ANKARA (Reuters) – Turkey cannot be blamed for Ukraine’s deployment of Turkish-made drones, Foreign Minister Mevlut Cavusoglu was cited as saying on Sunday.
On Wednesday, the Kremlin said the drones risked having a destabilising impact in eastern Ukraine, after Kyiv deployed a Bayraktar TB2 drone to hit a position controlled by Russian-backed separatists there.
“If a state is buying these from us, that is no longer a Turkish product,” Cavusoglu told reporters after meeting Russian Foreign Minister Sergei Lavrov at the G20 summit in Rome late on Saturday.

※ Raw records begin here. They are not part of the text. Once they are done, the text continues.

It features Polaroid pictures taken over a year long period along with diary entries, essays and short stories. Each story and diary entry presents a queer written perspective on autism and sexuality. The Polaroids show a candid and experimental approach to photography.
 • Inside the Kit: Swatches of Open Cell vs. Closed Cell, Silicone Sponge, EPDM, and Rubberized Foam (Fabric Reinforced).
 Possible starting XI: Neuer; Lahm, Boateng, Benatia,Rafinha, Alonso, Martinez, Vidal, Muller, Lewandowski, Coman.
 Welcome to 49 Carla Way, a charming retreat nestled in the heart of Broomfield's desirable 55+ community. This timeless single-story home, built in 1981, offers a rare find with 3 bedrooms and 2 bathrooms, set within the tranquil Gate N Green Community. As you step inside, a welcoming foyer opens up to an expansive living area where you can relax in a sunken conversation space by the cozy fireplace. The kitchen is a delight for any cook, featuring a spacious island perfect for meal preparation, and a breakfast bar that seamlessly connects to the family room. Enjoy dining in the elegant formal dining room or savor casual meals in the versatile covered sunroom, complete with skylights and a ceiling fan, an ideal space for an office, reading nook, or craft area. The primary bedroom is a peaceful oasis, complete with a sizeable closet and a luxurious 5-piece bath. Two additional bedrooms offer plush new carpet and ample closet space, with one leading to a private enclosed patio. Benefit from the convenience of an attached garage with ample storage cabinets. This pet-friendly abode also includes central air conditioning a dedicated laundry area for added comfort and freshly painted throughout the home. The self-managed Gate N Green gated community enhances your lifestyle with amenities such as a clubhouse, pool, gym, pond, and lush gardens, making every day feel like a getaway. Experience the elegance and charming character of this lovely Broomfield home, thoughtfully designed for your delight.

“Perhaps Turkey has produced it, but it belongs to Ukraine. Turkey cannot be blamed for this,” he was cited as saying by the state-run Anadolu news agency, also calling on Ukraine to stop referencing Turkey when speaking of the drones.
Ukraine, which gets military backing from NATO countries, struck a deal with Ankara to produce the drones at a factory near Kyiv.

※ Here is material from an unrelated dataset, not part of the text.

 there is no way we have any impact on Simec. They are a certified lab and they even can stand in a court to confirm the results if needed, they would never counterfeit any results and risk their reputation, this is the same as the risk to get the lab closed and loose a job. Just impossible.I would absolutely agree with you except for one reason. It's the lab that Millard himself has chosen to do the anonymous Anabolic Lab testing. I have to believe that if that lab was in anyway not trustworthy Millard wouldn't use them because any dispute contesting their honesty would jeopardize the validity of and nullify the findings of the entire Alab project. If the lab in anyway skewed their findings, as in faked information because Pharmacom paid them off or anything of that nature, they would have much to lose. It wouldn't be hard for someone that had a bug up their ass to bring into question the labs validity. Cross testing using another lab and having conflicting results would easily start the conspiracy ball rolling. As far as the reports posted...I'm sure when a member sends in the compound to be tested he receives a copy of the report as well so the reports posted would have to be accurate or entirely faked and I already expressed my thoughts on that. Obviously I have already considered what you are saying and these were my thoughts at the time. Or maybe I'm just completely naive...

The deal had upset Russia, which has close cooperation with Ankara over conflicts in Syria, Libya, and Nagorno-Karabakh despite backing opposing sides, as well as positive ties in the energy sector.

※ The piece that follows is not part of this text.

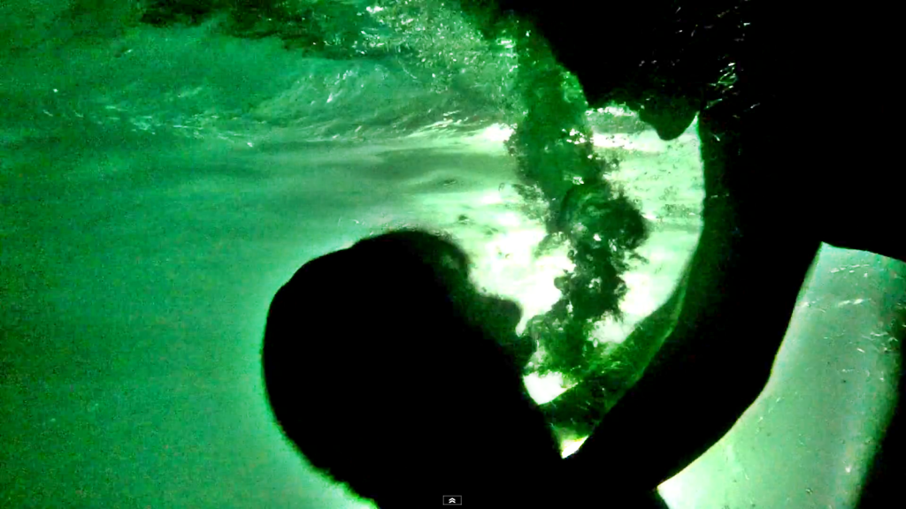 This image is backlit using GIMP.To me--it is quite evident that this is Evan attempting to drown Vince.I have several other caps but this one illustrates fairly clearly (within the boundaries and limitations inherent in the image) Evans profile with his sharp nose and eyebrow line,chin,lips and even the arms.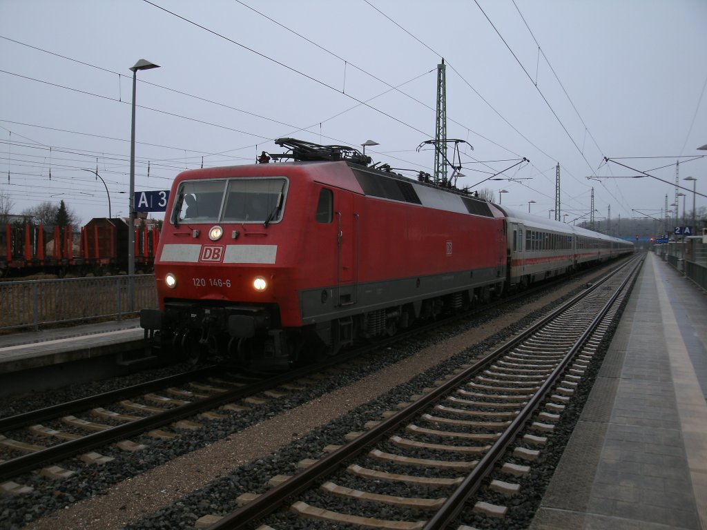 120 146 mit dem IC 2377 Binz-Frankfurt/Main,am 06.Januar 2013,in Bergen/Rügen.

Ukraine’s President Volodymyr Zelenskiy said on Friday that Kyiv’s use of the drones was defensive, while its armed forces said one was deployed to force pro-Russian separatists to cease fire on Tuesday, adding it had not crossed the line of contact between the warring sides.
Russian-backed forces been fighting Ukrainian troops in eastern Ukraine since 2014, a conflict that Kyiv says has killed 14,000 people.